Now, let’s link these widgets to our plotting function so that updates to the widgets rerun the function. We can achieve this easily in Panel using pn.bind:

In [31]:
bound_plot = pn.bind(
    get_plot, variable=variable_widget, high=high_widget, middle=middle_widget
)

Once we’ve bound the widgets to the function’s arguments, we can layout the resulting bound_plot component along with the widgets using a Panel layout such as Column:

In [32]:
widgets = pn.Column(variable_widget, high_widget, middle_widget, sizing_mode="fixed", width=300)
pn.Column(widgets, bound_plot)

BokehModel(combine_events=True, render_bundle={'docs_json': {'bfde634a-1f73-42e3-bab5-7c7f8a69cea5': {'version…

As long as you have a live Python process running, dragging these widgets will trigger a call to the get_plot callback function, evaluating it for whatever combination of parameter values you select and displaying the results.
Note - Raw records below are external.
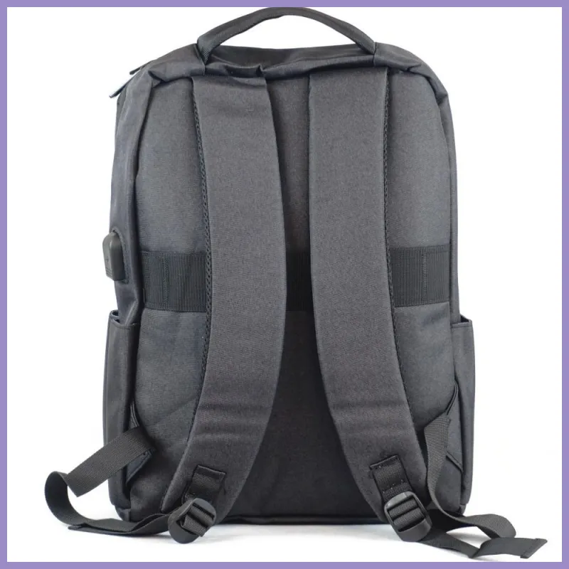 Laptop hátitáska, poliészter, fekete színben. Anyaga erős, jó tapintású poliészter anyag. Fazonja merevített, a laptop védelme érdekében vastag, belül puha. Elején tépőzáras és cipzáras nagy zsebek, oldalain 1-1 benyúlós zsebecske. Belül egy tépőzárral rögzíthető laptoptartó rekesz, valamint egy nagy rekesz két benyúlós zsebecskével. Beépített USB hosszabbítóval, bent az apa, kívül az anya csatlakozóval. Méretei: 30×40×11 cm.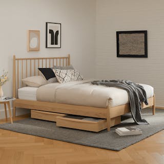 Lenia King Upholstered Bed - White Oak and Lunaria White Bouclé
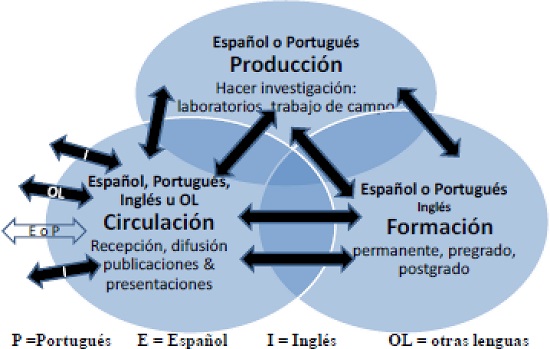 Antes de passar à proposta presente nesse esquema, considero importante frisar a necessidade de se atentar para algo fundamental: que o subcampo da circulação não seja focalizado de modo isolado ou exclusivo, recortando o “produto final”, sem que esse seja considerado como parte de um processo. De fato, parafraseando Hamel (2013, p.350), não se entende por produção científica, tal como poderíamos esperar, o processo complexo, quase sempre coletivo e interativo, de desenvolver uma pesquisa, mas somente seu resultado final: a publicação objetivada na escrita e divulgada em órgãos legitimados pelo próprio campo. Quando se trata de tomar decisões de políticas científico-linguísticas é conveniente – de acordo com o que assinala o próprio autor (ibid.) – integrar esses três subcampos (produção, circulação e formação) para não desconsiderar o processo total, o que implica um reconhecimento saudável das relações entre as dimensões de ensino e de pesquisa no universo do fazer universitário. Um argumento que ajuda a pensar nessa colocação é a crescente crítica que se faz aos sistemas de avaliação bibliométrica, que carecem de uma fundamentação qualitativa em seus princípios de seleção e de classificação: cabe pensar, por exemplo, no impact factor.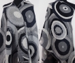 Duży damsko męski dwustronny szal w fantacyjne kuleczki w odcieniach szarości od białego do czarnego. Wykonany ze 100% wełny z merynosów australijskich. Bardzo miękki i nie gryzie.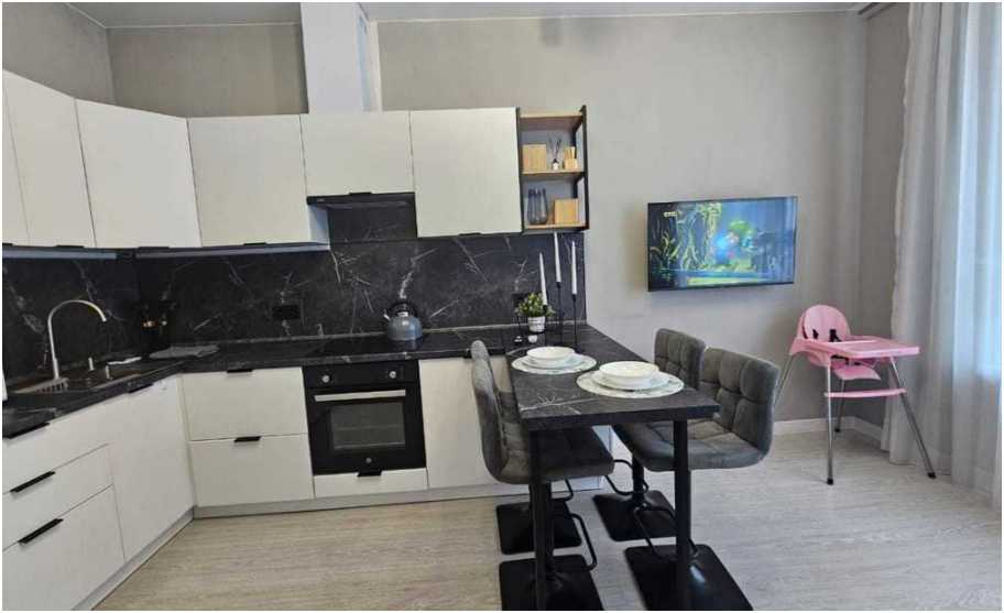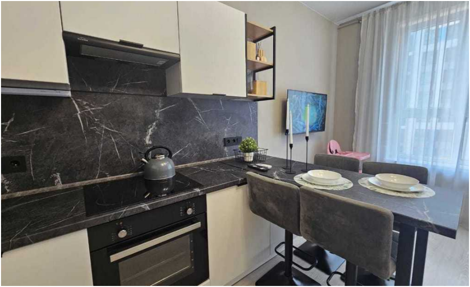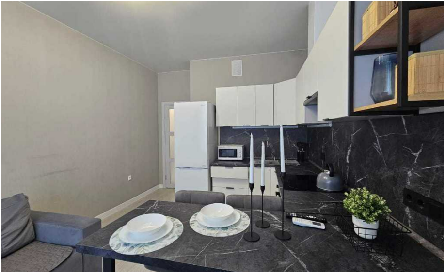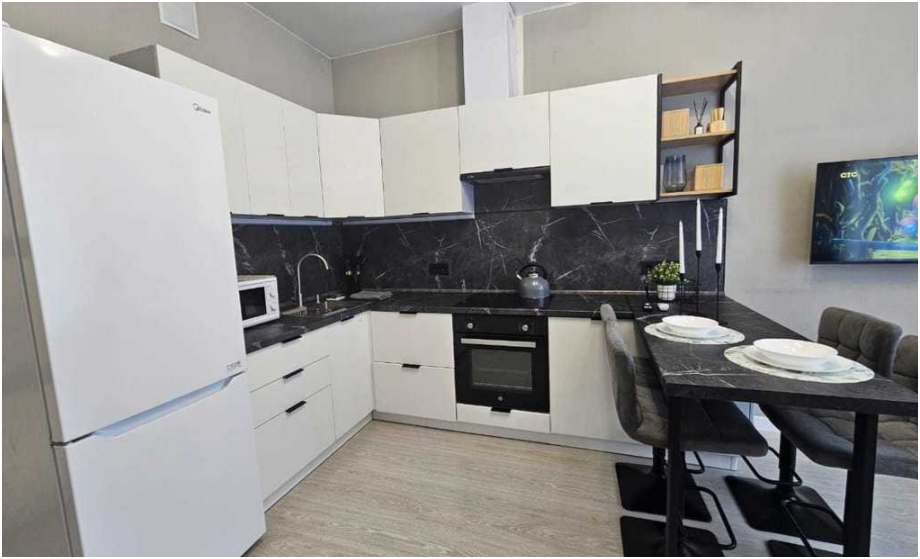 - Оборудованная посудой и техникой кухня, где есть варочная панель, большой холодильник, СВЧ и чайник.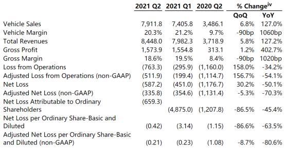 但是,该公司目前仍然没能实现盈利。今年第二季度,蔚来净亏损5.87亿元,与2021年第一季度亏损4.51亿元相比扩大30.2%。剔除基于股份的薪酬支出,2021年第二季度经调整的净亏损为3.36亿元。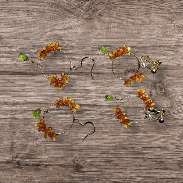 【オレンジアベンチュリン使用】金木犀のイヤリング/ピアス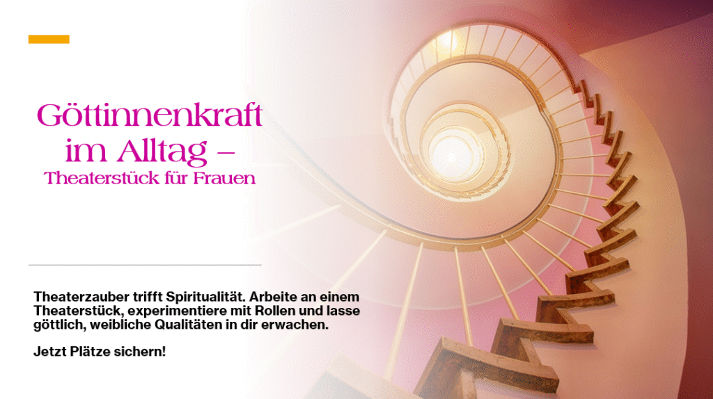In diesem Kurs tauchst du ein in eine Welt zwischen Bühne und Spiritualität. Wir proben das Stück „Göttinnenkraft im Alltag“, welches wir am letzten Termin präsentieren. Erlebe die Magie kindlicher Leichtigkeit, die uns hilft spielerisch unsere Masken fallen zu lassen – und staune, wie göttliche, weibliche Qualitäten wieder lebendig in dir erwachen. Du kannst dich schauspielerisch ausprobieren, lachen, staunen und dabei tiefer fühlen. Durch das Spielen deiner Rolle wird dir vielleicht bewusst, welche göttlich, weiblichen Qualitäten, du mehr leben möchtest. Bist du bereit mit mir auf diese Reise zu gehen?

## Optional - Serving the Notebook

You may be interested in serving the notebook. In such a case, uncomment the next  chunk of code and run it. Then, write the code to serve the notebook.   

In [75]:
# Uncomment if needed
#pn.template.MaterialTemplate(
#   site="Panel",
#  title="GLORIA App",
#    sidebar=[variable_widget, high_widget, middle_widget],
#    main=[bound_plot],
#).servable(); # The ; is needed in the notebook to not display the template. Its not needed in a script

In [33]:
# Write the code based on # See https://panel.holoviz.org/tutorials/intermediate/serve.html
#

That's all. We have achieved our goal.